The Character Movement

The Cavanaugh Family

Raising Compassionate Kids

By Joe Cavanaugh, Founder & CEO

When my daughter Tess was five years old, we moved into a new neighborhood. There are many kids in the area that Tess got to know. One day at the park, I watched Tess with two older girls who were walking ahead of her, excluding her in a not so kind way.

When Tess and I came back to our house, I said to her, I saw what was going on out there. How do you feel?

Not good, she answered.

Were they leaving you out and being mean to you? I asked.

Yes, she sadly said.

Good, I answered…

She stood there, staring at me perplexed.

I then said to her, Tess, I never want you to forget the way that you feel right now. I want you to remember the way that you feel, and never, ever make anyone else feel that way.

We live in a world that puts many protective barriers around our children. We are so afraid of them being hurt that we try to shield them from anything that could cause them pain. Without even realizing it, instead of protecting them, sometimes we are actually robbing them of essential coping skills and life experiences. They need to experience heartache and decide to be better people because of it. These tough experiences are what teach them empathy and compassion.

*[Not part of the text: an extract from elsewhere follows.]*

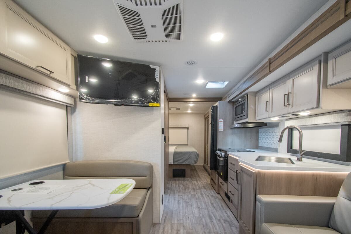 Measuring 30 feet 9 inches in length, this motorhome offers a spacious interior with a full-wall slide-out that expands the living area. The 29D comfortably sleeps up to six people, featuring a king-size bed in the rear private bedroom, a power drop-down hide-away overhead bunk above the cab, and a jack-knife sofa and Dream Dinette that convert into additional sleeping spaces.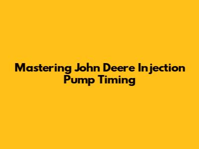 Mastering John Deere Injection Pump Timing

As parents, we need to be the ones to explain to our children that sometimes, people can be mean. Sometimes people can hurt us with their words or their actions, but we have the power to choose how we respond to those actions. We can let negative experiences turn us into negative people who also hurt others, or we can learn from those experiences. We can use those interactions for good. We can take the time to really notice how they made us feel, and we can decide right then and there that we don’t ever want to be responsible for making anyone else feel that way. We have to be the ones to teach our children how those experiences can shape who we are and what kind of people we want to be.

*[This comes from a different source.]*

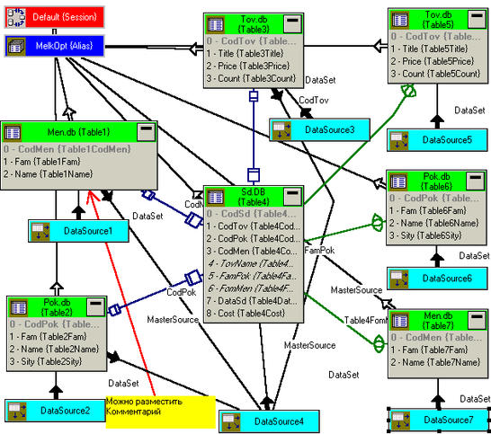 Третий тип связей отображается линией с жирной закрашенной стрелкой, около которой появляется надпись с именем свойства, посредством которого установлена связь. Связь DataSet отображает связь между источником данных и набором данных, осуществленную свойством DataSet. А связь, около которой написано MasterSource, отображает связь через свойство MasterSource вспомогательных таблицы с главной таблицей SD.DB.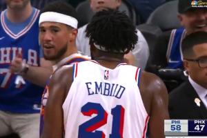 恩比德摊手耸肩抱怨布克犯规!后者呛声后直接离场:全是球尼格!

As a dad, watching Tess be hurt by the older girls that day was not so pleasant. I wanted to swoop in and defend her. I wanted to fix the situation and keep her from hurting. But, no matter how much protecting we do, our children will inevitably be hurt someday. We must be the people in their lives who encourage them to slow down, reflect, notice how a situation makes them feel and ask themselves what they can learn from it. One of our critical roles as a parent is to equip our children with the valuable character lessons and self-awareness that will help them to be loving, compassionate and courageous leaders in the future.